A tenant published a template version with bad Handlebars/MJML.
A platform-global template change broke variable expectations.
A locale's body has invalid bidi chars.

Auto-handling:

Per-notification render error → failed.v1; per-template threshold (10 errors / 5 min) → automatic rollback to previous active version + alert.

Runbook (P2):

Inspect failed notifications; identify offending templateVersion.
Roll back manually via POST /api/v1/notification-templates/{id}/versions/{prevVersionId}/publish.
Author + publish a fix.

F-NTF-14 — Sender-id missing for a tenant

Symptoms: notif.failed_total{reason='sender_id_missing'} for one tenant.

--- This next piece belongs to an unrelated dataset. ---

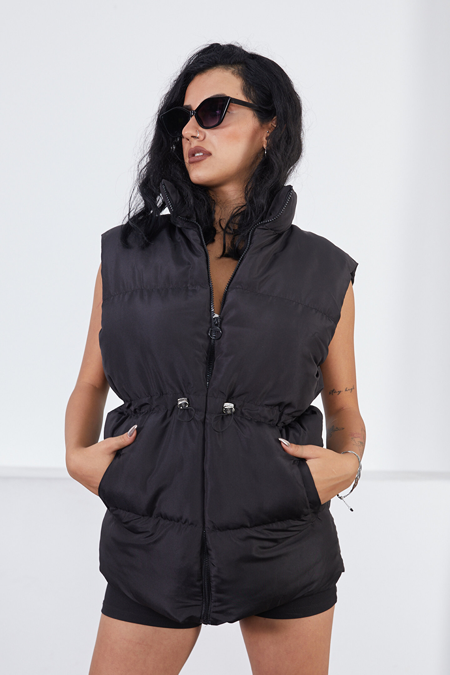 - Rahat kesimi ve kolsuz tasarımı ile günlük kullanım için ideal, hareket özgürlüğü sunan beli lastikli kadın yelek.; - Yoğun elyaf dolgu materyali ile orta kalınlıkta bir konfor sağlar ve mevsim geçişlerinde ideal sıcaklık dengesi sunar.; - Astarlı yapısı ile ekstra konfor ve şıklık kazandırırken, cildinizle doğrudan temas eden kumaşın rahatlığını hissedin.; - Düz tasarımıyla zamansız bir stil oluştururken, Basic koleksiyonun sadeliğiyle her türlü kombinle uyum sağlar.; - Relaxed silueti sayesinde rahat bir kullanım sunarken, micro dokuma tipi dayanıklılığı arttırarak uzun süreli kullanım imkanı tanır.; - Su itici özelliği ile yağmurlu havalarda bile kuru kalmanızı sağlar; su geçirmezlik konusunda ekstra koruma sunar.; - Türkiye menşeli olmasıyla yerli üretim kalitesini ve standartlarına uygunluğu garanti eder.; - Ceket yaka tasarımının yanında düz deseniyle sade ve şık bir görünüm sergiler.

Runbook (P3): tenant-admin notification (auto); guide them through registering a sender id.

F-NTF-15 — Rate-limit tripped at the per-recipient bucket

Symptoms: end-user complains a confirmation never arrived; logs show suppressed reason='rate_limit'.

Runbook (P3): explain to tenant; review per-recipient daily cap; raise it per tenant policy if needed.

F-NTF-16 — Outbox row stuck "unpublished"

Symptoms: a single outbox.id retains published_at IS NULL indefinitely; last_error persistent.

Runbook (P2):

Inspect last_error — usually a schema validation issue from a code change.
Patch + redeploy; manually re-attempt via UPDATE outbox SET publish_attempts=0, last_error=null WHERE id=….
As a last resort, archive the row to a outbox_skipped table with audit.

6. AI integration failures

F-NTF-17 — Orchestrator timeout / unavailable

Symptoms: notif.ai.fallback_to_deterministic_total{reason='timeout|5xx'} rising.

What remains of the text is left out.